▶ **Task description**: In your copy, the records appear word for word and the pictures do not appear at all.

▶ **Raw data**:

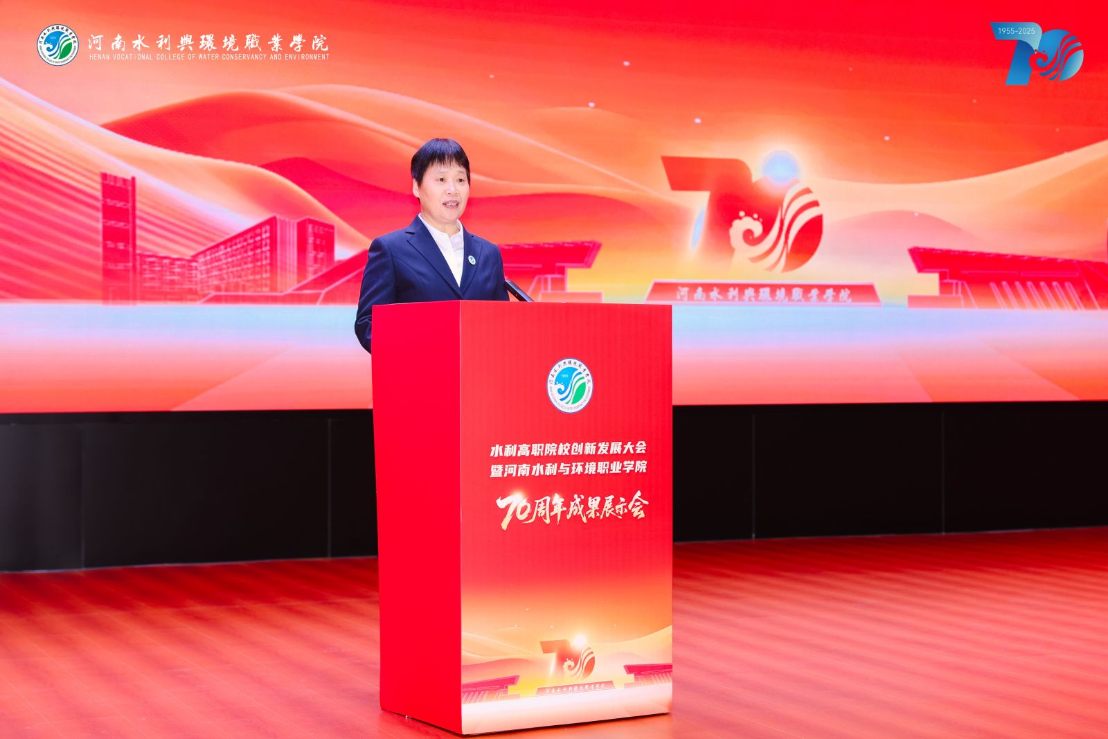 河南省教育厅党组成员、省委教育工委专职副书记刘林亚在致辞中表示,“在职业教育发展进程中,河南水环学院始终立足中原大地,聚焦产业需求,为区域经济发展培养了大量下得去、留得住、用得上的高素质技能人才。希望学校以建校70周年为新起点,承七秩基业,开未来新篇,展现更大作为。”
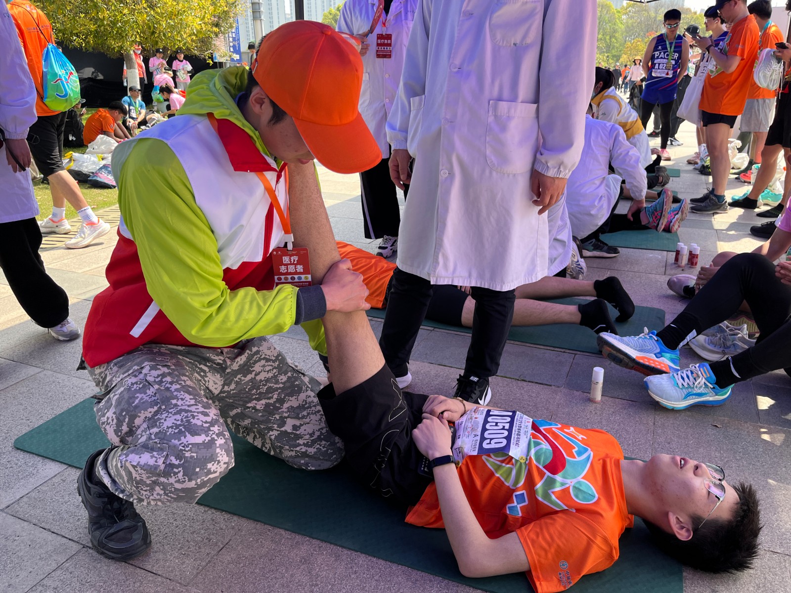 跑友们奔跑在春和景明、万物生长的江宁,而志愿者、医疗救护等工作人员也在倾力陪伴大家,每个参与者都用自己的方式完成了这场马拉松。来自江宁区10名应急救护培训师和120名金陵科技学院红十字救护员,也担当着医疗志愿者的身份,成为了此次半马赛场上一道靓丽的风景线。
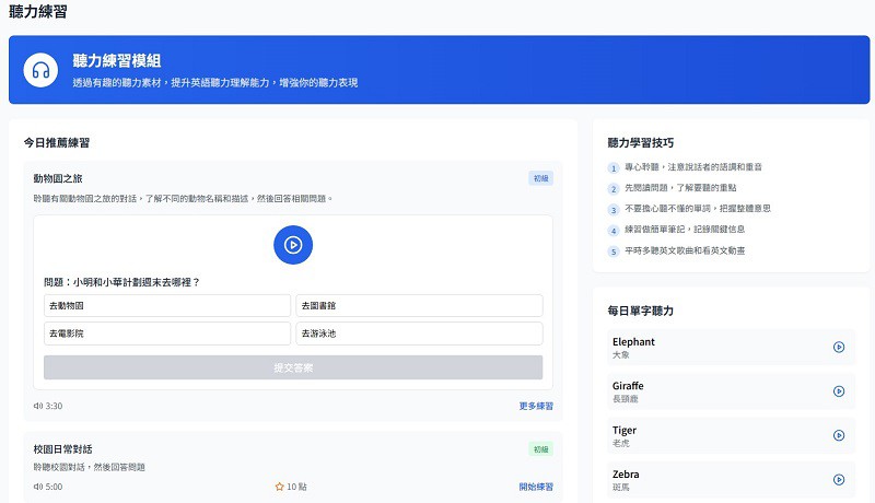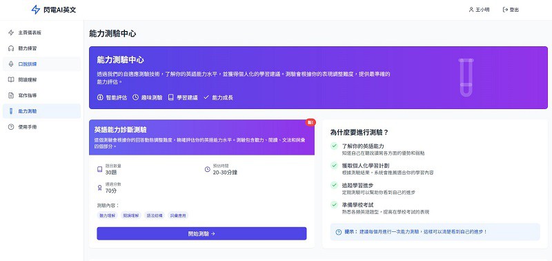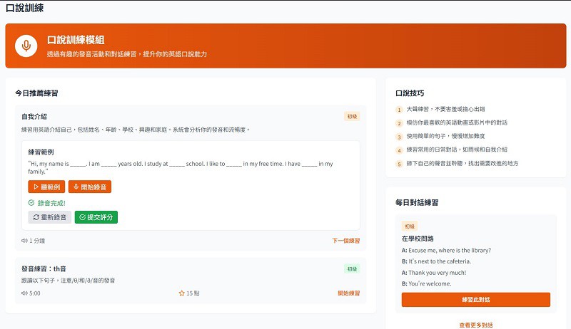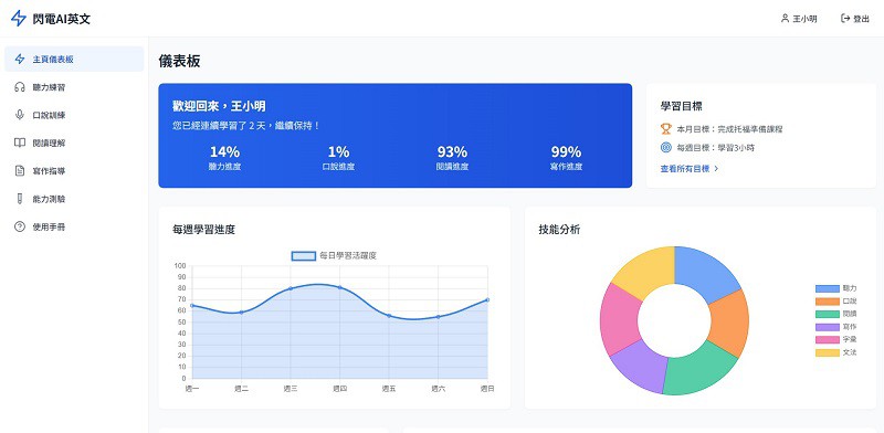 閃電AI英文教育系統是一套專為臺灣學生設計的智能英語學習系統,旨在全面提升學生的英語聽、說、讀、寫四大能力,幫助學生在小考、段考、會考和學測等各類考試中取得優異成績。本系統採用先進的人工智慧技術,包括語音識別、自然語言處理和機器學習,為學生提供個性化的學習體驗。在聽力訓練方面,系統提供豐富的原汁原味聽力素材,涵蓋日常對話、學術講座和新聞報導等多種場景,並配有難度分級和速度調節功能;在口說練習方面,系統能夠即時分析學生的發音、語調和流暢度,提供精確的糾正和建議,幫助學生建立自信的口語表達能力;在閱讀理解方面,系統收錄了大量符合臺灣考試要求的文章,並配有詞彙解釋、文法分析和理解問題,幫助學生掌握閱讀技巧;在寫作訓練方面,系統不僅能夠自動批改學生的作文,還能分析寫作中的語法錯誤、詞彙使用和邏輯結構,提供具體的改進建議。此外,系統還整合了歷年考題分析和考試趨勢預測,幫助學生有針對性地備考。通過這套全面而智能的學習系統,學生能夠在輕鬆愉快的環境中有效提升英語能力,為各類考試做好充分準備。
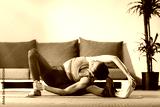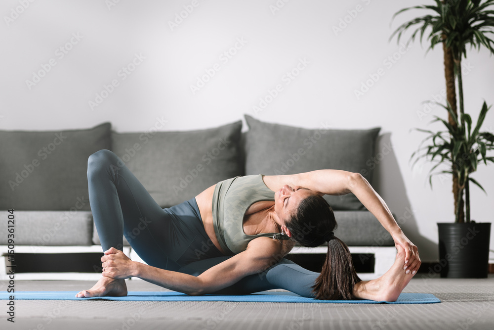 Yoga practitioner performs a flexible stretching pose in a modern indoor space with natural light and minimalistic decor
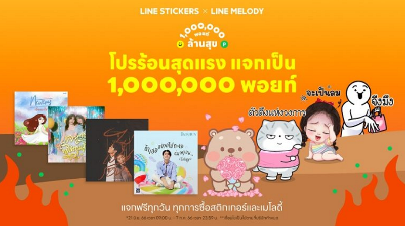 LINE STICKERS จับมือ LINE MELODY ปล่อย “โปรร้อนสุดแรง แจกเป็นล้านพอยท์” แจก LINE POINTS ให้ ช้อป-ใช้-กิน-เที่ยว ฟรีไม่อั้น กว่าล้านพอยท์
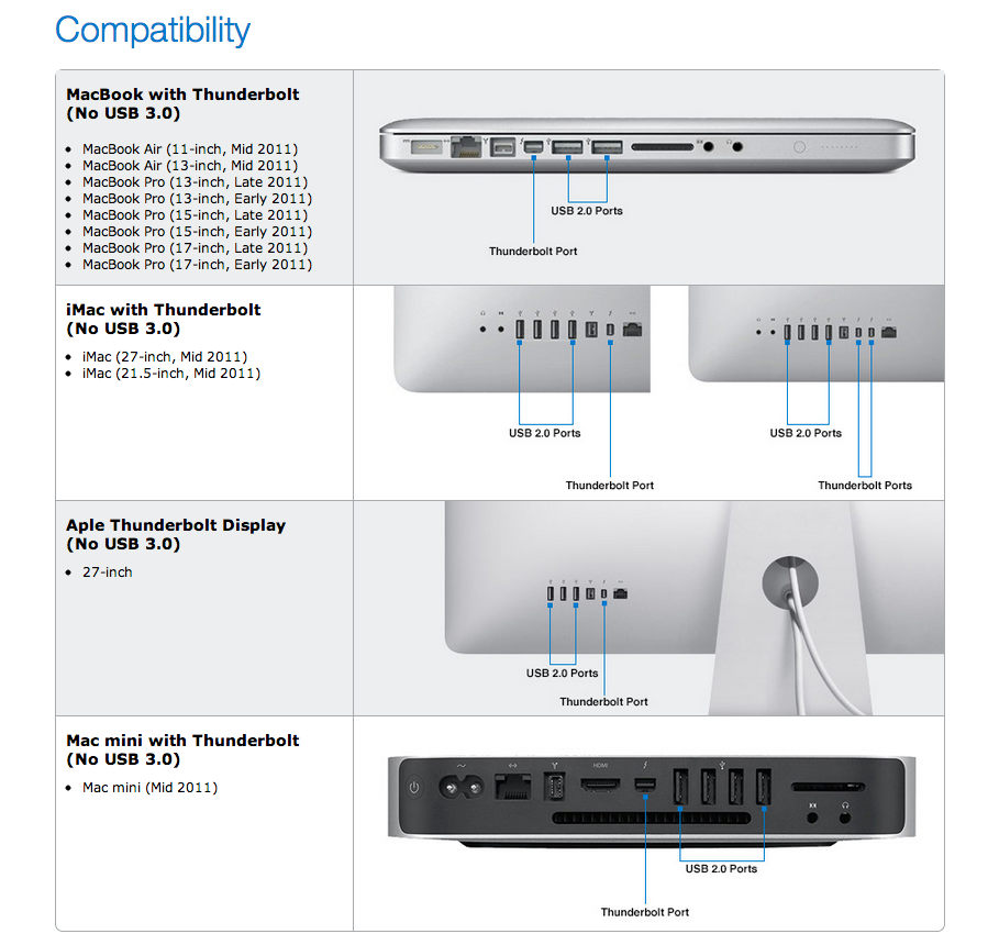 Thunderbolt付きで、USB 3.0ポートが無いKanex Thunderbolt to USB3.0アダプターが使用できるMacは以下のモデルですが、2012年度以降のThunderbolt付きMacでも一応使えるようです。

▶ **Solution to this exercise**:
 河南省教育厅党组成员、省委教育工委专职副书记刘林亚在致辞中表示,“在职业教育发展进程中,河南水环学院始终立足中原大地,聚焦产业需求,为区域经济发展培养了大量下得去、留得住、用得上的高素质技能人才。希望学校以建校70周年为新起点,承七秩基业,开未来新篇,展现更大作为。”
 跑友们奔跑在春和景明、万物生长的江宁,而志愿者、医疗救护等工作人员也在倾力陪伴大家,每个参与者都用自己的方式完成了这场马拉松。来自江宁区10名应急救护培训师和120名金陵科技学院红十字救护员,也担当着医疗志愿者的身份,成为了此次半马赛场上一道靓丽的风景线。
 閃電AI英文教育系統是一套專為臺灣學生設計的智能英語學習系統,旨在全面提升學生的英語聽、說、讀、寫四大能力,幫助學生在小考、段考、會考和學測等各類考試中取得優異成績。本系統採用先進的人工智慧技術,包括語音識別、自然語言處理和機器學習,為學生提供個性化的學習體驗。在聽力訓練方面,系統提供豐富的原汁原味聽力素材,涵蓋日常對話、學術講座和新聞報導等多種場景,並配有難度分級和速度調節功能;在口說練習方面,系統能夠即時分析學生的發音、語調和流暢度,提供精確的糾正和建議,幫助學生建立自信的口語表達能力;在閱讀理解方面,系統收錄了大量符合臺灣考試要求的文章,並配有詞彙解釋、文法分析和理解問題,幫助學生掌握閱讀技巧;在寫作訓練方面,系統不僅能夠自動批改學生的作文,還能分析寫作中的語法錯誤、詞彙使用和邏輯結構,提供具體的改進建議。此外,系統還整合了歷年考題分析和考試趨勢預測,幫助學生有針對性地備考。通過這套全面而智能的學習系統,學生能夠在輕鬆愉快的環境中有效提升英語能力,為各類考試做好充分準備。
 Yoga practitioner performs a flexible stretching pose in a modern indoor space with natural light and minimalistic decor
 LINE STICKERS จับมือ LINE MELODY ปล่อย “โปรร้อนสุดแรง แจกเป็นล้านพอยท์” แจก LINE POINTS ให้ ช้อป-ใช้-กิน-เที่ยว ฟรีไม่อั้น กว่าล้านพอยท์
 Thunderbolt付きで、USB 3.0ポートが無いKanex Thunderbolt to USB3.0アダプターが使用できるMacは以下のモデルですが、2012年度以降のThunderbolt付きMacでも一応使えるようです。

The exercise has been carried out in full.